Un piano de Liszt à Sutton ?

Allez savoir pourquoi, l’épopée des objets fascine parfois plus que celle des humains. Voilà sans doute pourquoi les romanciers et les cinéastes empruntent si souvent ce chemin. On n’a qu’à penser à François Girard et à son film Le Violon rouge.

L’histoire que je vous raconte aurait d’ailleurs très bien pu inspirer le réalisateur québécois. Elle commence à notre époque avant de faire un fabuleux flash-back pour nous transporter dans le temps.

À Glen Sutton, charmant hameau des Cantons-de-l’Est, un piano alimente la rumeur depuis quelque temps. Un Bösendorfer qui servait jusqu’à tout récemment de résidence pour les souris dans une église désacralisée aurait-il été acheté par le grand compositeur Franz Liszt ? C’est ce que certains prétendent. Et c’est que nous aimerions tous croire, tellement le voyage effectué par l’instrument est beau et romantique.

Le piano, qui a subi les affres du temps, ne peut pas nous dire ce qu’il a vécu. Et Diane Cormier, sa nouvelle propriétaire, trouve la chose bien dommage.

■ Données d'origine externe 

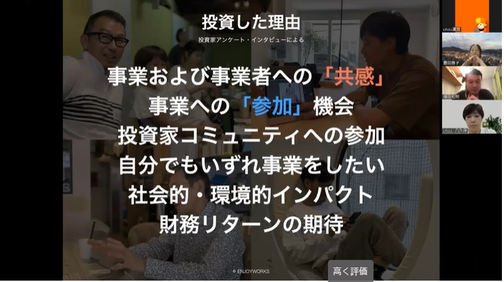 実際にファンドに投資した人たちからは、事業に参加できる機会を得られることへの評価が高いとか。「金銭的リターンへの期待もなくはないが、実はそう大きくはないという点が面白いと思います」と福田氏はファンドの特徴を分析する。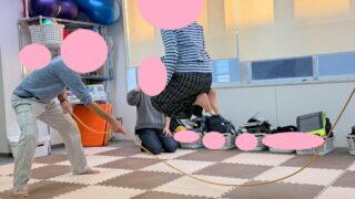 放課後等デイサービス 跳びながらクイズ!🦘 今週取り組んでいるサーキットのなかの、「サイコロジャンプ」が面白いです!🎲トランポリンを跳ぶ前に、まずはサイコロを振ります出た目の数に応じてスタッフがお題を出します!「4がでたから、教室のお友達を4人答えて!」ジャンプをしたまま、お題に答え... 2025.10.22 放課後等デイサービス

Pour le moment, elle rassemble les témoignages de gens et arrache à l’histoire des détails qui pourraient reconstituer la vie de l’imposant objet.

L’histoire de ce piano commence vers 1875 au moment où Franz Liszt, rendu à l’automne de sa vie, se voit confier la formation des jeunes prodiges qui fréquentent l’Académie royale nationale hongroise de musique.

Converti depuis toujours aux pianos Bösendorfer, une maison autrichienne fondée en 1827, Liszt exige que ses élèves travaillent sur ces instruments. L’institution fait donc l’acquisition de plusieurs pianos de la prestigieuse marque.

En 1940, une Hongroise achète de l’Académie royale (devenue l’Université de musique Franz-Liszt) un de ces pianos. Il est destiné à son fils de 10 ans qui se nomme Miklós Takács. Sur ce clavier qui avait vu défiler des dizaines de mains vertes et hésitantes, mais aussi, sans doute, celles, beaucoup plus sûres, de plusieurs grands maîtres, le jeune Miklós fait ses premières classes.

Élève plus tard de Zoltán Kodály, György Ligeti, Nadia Boulanger et Jacques Chailley, Miklós Takács devient professeur au Conservatoire Béla-Bartók au milieu des années 60. Mais alors qu’il est promis à une grande carrière européenne, l’homme décide de fuir le régime communiste de son pays pour venir s’établir au Québec. Il arrive à Montréal en 1973.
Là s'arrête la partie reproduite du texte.